[Items from a data source]
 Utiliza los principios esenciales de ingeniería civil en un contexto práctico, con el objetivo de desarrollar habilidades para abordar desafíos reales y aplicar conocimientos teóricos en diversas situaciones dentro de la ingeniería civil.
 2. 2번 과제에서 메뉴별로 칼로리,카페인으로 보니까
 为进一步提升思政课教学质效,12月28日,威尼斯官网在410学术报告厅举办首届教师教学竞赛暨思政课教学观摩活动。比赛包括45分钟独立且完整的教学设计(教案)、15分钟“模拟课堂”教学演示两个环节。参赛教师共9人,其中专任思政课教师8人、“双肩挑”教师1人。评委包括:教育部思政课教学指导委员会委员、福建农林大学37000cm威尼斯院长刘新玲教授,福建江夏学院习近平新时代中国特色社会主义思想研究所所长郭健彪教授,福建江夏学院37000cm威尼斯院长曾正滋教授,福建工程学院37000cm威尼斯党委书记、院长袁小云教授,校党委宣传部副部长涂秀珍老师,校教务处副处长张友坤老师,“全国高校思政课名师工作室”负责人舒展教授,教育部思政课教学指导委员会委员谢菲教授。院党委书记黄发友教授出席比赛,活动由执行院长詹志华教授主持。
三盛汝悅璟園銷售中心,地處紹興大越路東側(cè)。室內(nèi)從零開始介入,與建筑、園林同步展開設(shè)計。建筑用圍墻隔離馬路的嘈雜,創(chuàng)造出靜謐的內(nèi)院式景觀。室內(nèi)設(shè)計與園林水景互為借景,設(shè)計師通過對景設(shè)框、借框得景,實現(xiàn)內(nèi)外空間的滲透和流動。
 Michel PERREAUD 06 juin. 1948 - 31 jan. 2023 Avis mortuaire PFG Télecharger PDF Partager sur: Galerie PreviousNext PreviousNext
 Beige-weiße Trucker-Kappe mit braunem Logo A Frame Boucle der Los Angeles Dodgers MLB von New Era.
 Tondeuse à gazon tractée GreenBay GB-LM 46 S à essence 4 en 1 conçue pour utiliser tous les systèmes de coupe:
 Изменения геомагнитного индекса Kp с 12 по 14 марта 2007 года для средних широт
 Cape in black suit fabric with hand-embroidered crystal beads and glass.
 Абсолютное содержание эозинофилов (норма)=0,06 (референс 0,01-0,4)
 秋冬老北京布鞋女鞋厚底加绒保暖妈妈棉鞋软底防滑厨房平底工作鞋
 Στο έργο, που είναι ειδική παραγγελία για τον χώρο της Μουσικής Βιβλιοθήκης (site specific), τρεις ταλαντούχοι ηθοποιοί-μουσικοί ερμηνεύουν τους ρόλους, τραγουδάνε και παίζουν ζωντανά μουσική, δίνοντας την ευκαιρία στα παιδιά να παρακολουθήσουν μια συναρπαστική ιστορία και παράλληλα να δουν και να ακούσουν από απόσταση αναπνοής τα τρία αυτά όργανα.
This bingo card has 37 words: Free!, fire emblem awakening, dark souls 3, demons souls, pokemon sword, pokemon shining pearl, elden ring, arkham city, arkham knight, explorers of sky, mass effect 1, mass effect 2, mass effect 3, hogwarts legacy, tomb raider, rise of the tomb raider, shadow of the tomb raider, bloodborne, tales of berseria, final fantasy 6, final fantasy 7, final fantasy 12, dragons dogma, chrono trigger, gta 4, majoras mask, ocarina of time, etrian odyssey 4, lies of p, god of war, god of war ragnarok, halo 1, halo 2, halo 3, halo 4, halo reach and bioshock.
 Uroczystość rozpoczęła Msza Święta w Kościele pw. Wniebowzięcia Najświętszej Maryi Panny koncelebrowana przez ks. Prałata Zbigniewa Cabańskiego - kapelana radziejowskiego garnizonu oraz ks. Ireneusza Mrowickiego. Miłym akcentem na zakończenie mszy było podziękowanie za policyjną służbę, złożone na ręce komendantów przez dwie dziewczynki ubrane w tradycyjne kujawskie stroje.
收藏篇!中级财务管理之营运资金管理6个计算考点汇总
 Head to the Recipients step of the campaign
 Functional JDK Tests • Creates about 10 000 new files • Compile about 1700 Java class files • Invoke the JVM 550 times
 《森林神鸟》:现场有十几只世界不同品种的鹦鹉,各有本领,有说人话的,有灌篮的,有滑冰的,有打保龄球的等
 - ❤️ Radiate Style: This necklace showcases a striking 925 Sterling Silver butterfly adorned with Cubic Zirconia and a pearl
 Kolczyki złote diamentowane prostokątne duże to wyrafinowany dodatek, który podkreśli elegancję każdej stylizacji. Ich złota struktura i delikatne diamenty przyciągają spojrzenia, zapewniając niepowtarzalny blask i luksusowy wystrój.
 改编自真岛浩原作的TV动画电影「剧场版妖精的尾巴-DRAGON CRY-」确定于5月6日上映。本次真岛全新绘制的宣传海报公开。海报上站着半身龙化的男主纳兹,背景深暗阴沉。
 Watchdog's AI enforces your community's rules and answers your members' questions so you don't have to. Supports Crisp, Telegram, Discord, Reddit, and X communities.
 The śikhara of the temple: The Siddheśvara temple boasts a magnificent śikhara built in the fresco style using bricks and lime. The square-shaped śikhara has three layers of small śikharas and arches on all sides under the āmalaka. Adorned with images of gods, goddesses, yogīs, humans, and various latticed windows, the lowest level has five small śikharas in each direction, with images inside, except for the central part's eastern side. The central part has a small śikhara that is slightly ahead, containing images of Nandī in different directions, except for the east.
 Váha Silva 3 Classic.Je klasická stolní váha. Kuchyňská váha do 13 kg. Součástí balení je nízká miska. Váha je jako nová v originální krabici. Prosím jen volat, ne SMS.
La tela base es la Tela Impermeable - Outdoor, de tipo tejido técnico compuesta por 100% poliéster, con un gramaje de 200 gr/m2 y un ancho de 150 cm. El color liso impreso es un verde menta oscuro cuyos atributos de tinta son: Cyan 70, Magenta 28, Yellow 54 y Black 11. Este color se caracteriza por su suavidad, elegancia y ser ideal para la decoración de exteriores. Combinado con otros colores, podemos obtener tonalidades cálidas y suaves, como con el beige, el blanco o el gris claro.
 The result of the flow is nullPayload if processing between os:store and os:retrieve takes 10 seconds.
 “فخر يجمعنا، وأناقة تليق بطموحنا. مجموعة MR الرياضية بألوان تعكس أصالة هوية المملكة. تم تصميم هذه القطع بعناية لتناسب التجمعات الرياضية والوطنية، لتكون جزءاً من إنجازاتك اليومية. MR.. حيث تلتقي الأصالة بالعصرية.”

TASK INSTRUCTIONS:
Determine how many lines of the data include the word "para". Reply with the count and no other text.

EXERCISE SOLUTION:
2